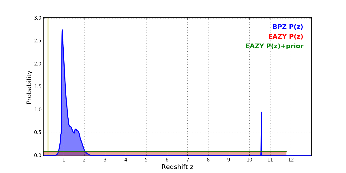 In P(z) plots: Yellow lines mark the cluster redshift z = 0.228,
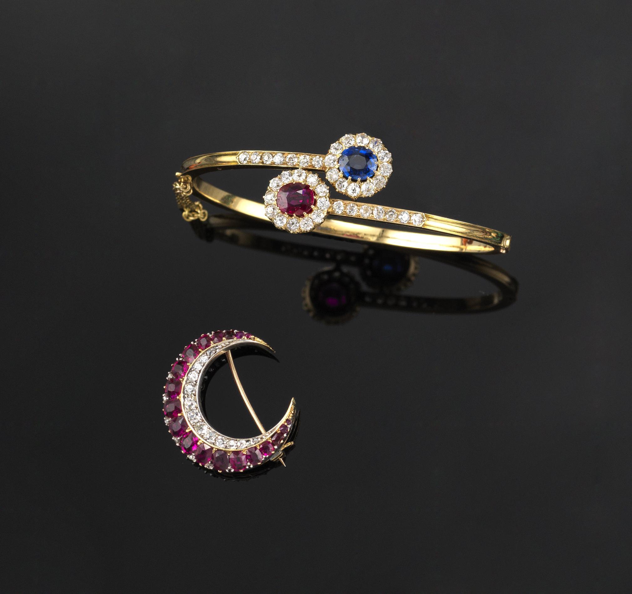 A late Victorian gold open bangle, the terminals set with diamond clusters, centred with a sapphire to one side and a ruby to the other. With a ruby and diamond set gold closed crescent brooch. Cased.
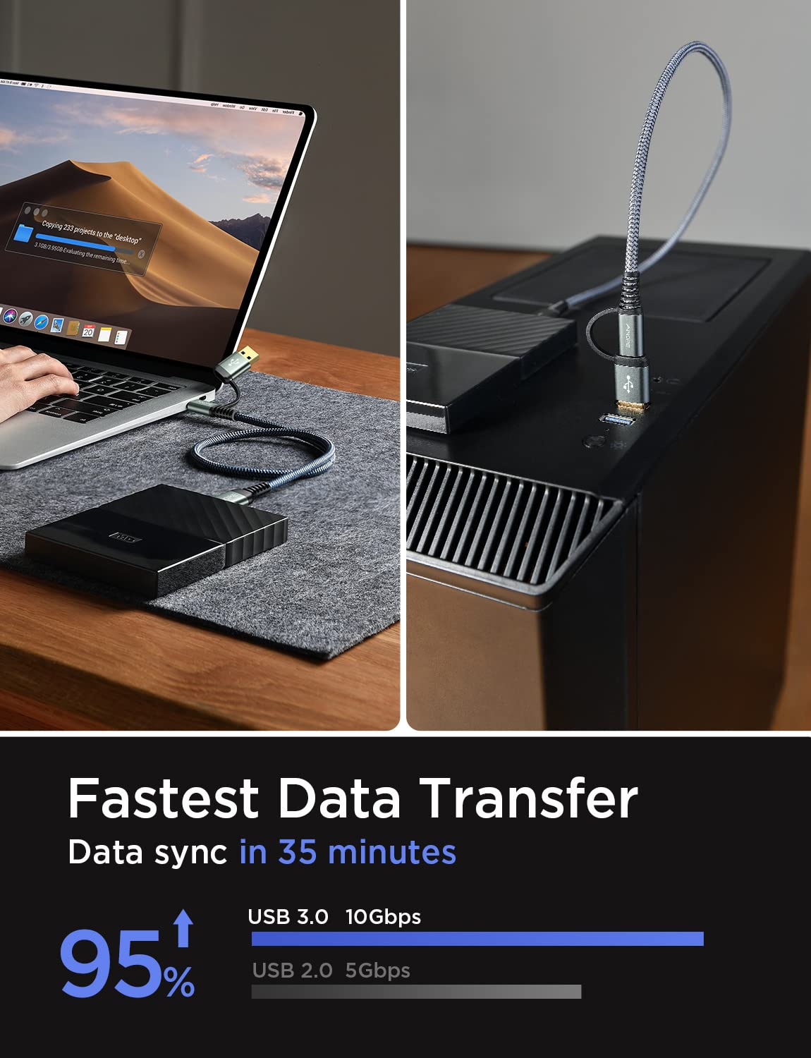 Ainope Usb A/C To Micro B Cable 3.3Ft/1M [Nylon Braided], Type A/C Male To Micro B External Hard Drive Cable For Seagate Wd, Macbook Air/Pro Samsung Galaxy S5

::::

#### [What this task involves]
Each line from the one with "A late Victorian" to the end of the material needs to be output word for word, with no picture included.

#### [Solution to this exercise]
 A late Victorian gold open bangle, the terminals set with diamond clusters, centred with a sapphire to one side and a ruby to the other. With a ruby and diamond set gold closed crescent brooch. Cased.
 Ainope Usb A/C To Micro B Cable 3.3Ft/1M [Nylon Braided], Type A/C Male To Micro B External Hard Drive Cable For Seagate Wd, Macbook Air/Pro Samsung Galaxy S5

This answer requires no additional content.